Member of the Tennessee Senate from the 28th district
- In office January 11, 1983 – January 8, 2013
- Succeeded by: Joey Hensley

Personal details
- Born: James Fellow Kyle, Jr. October 14, 1950 (age 75) Memphis, Tennessee, U.S.
- Party: Democratic
- Spouse: Sara Kyle
- Children: 4
- Alma mater: Arkansas State University, University of Memphis Cecil C. Humphreys School of Law
- Profession: Attorney
- Website: Official website

= Jim Kyle =

American politician

James Fellow Kyle, Jr. (born October 14, 1950) is an American lawyer and politician. He is a former member of the Tennessee Senate for the 30th district, which is composed of part of Memphis. He served as a state senator in the 93rd - 108th Tennessee General Assemblies. He was elected Democratic leader in the Senate beginning in the 104th General Assembly. In 2014, he was elected to serve as Chancellor in Chancery Court Part II in Shelby County, Tennessee.

==Biography==
Kyle graduated from Arkansas State University in 1973 with a Bachelor of Science degree in marketing. He was a member of Tau Kappa Epsilon fraternity and a recipient of the Distinguished Service Award at graduation. In 1976, he obtained a J.D. from the University of Memphis School of Law.

During the 95th General Assembly, Kyle was the Democratic Caucus Chairman, and during the 96th through 100th General Assemblies, he was the Chairman of the Select Oversight Committee on Corrections. Senator Kyle holds membership on the Senate Finance, Calendar, Judiciary, Rules, Delayed Bills Committees.

He is married to Sara Kyle who served as Chairman of the Tennessee Regulatory Authority which is similar to most states' Public Service Commissions. They have four children.

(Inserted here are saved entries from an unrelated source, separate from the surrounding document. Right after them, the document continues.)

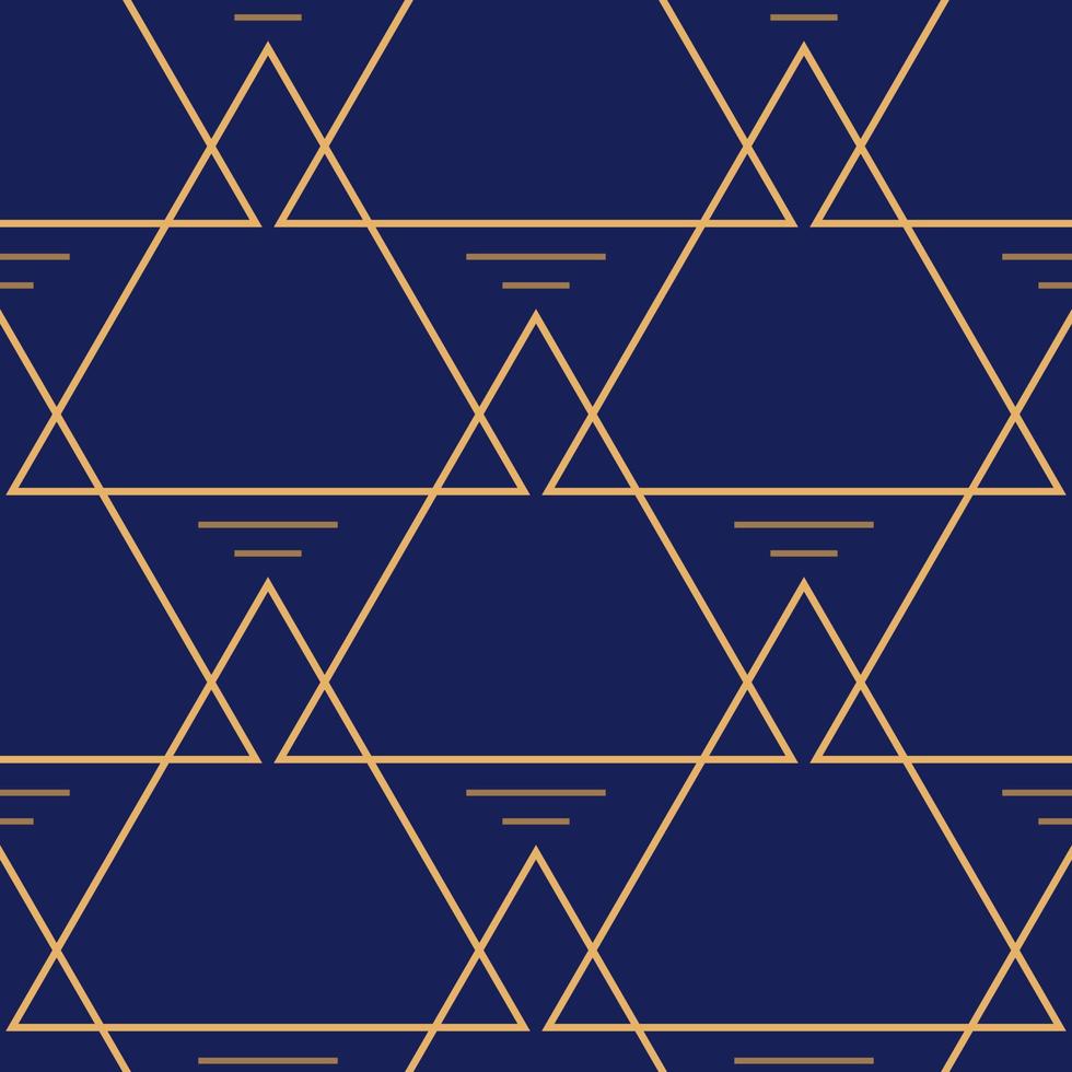 Seamless pattern with golden geometric lines in the form of triangles and dashes on a dark blue background. Pro Vector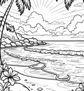 Free Printable Coloring Pages of a Vibrant Beach Scene PDF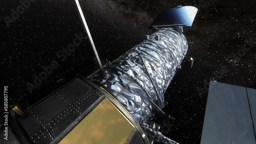 The watermark will not be included on Wall mural.: Hubble space telescope actioncamera static style spinning and aligning to take pictures of milky way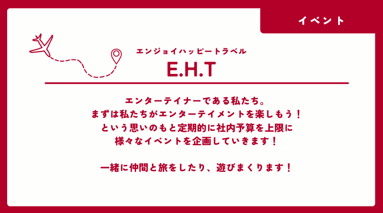 IHのカルチャーを象徴するイベントが、E.H.T(Enjoy Happy Travel)です。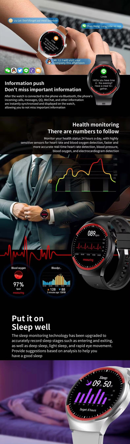 Restez connecté sans sortir votre téléphone. La technologie Bluetooth 5.0 assure une connexion stable pour recevoir vos notifications, messages et appels. Compatible avec Android 5.0+ et iOS 10.0+.

Kyle is a member of the Memphis Bar Association. From 1994 to 1998, he served on the Board of Governors of the American Correctional Association. He is also a member of Ducks Unlimited and serves on the Board of the University of Memphis Law School Alumni Association. Jim Kyle was a member of the law firm of Domico Kyle, PLLC in Memphis, Tennessee.

Kyle served as Senate Minority leader in the Tennessee State Senate.

Kyle filed paperwork to seek the Democratic nomination to run for Governor of Tennessee on July 2, 2009, but withdrew from the campaign in February of the following year.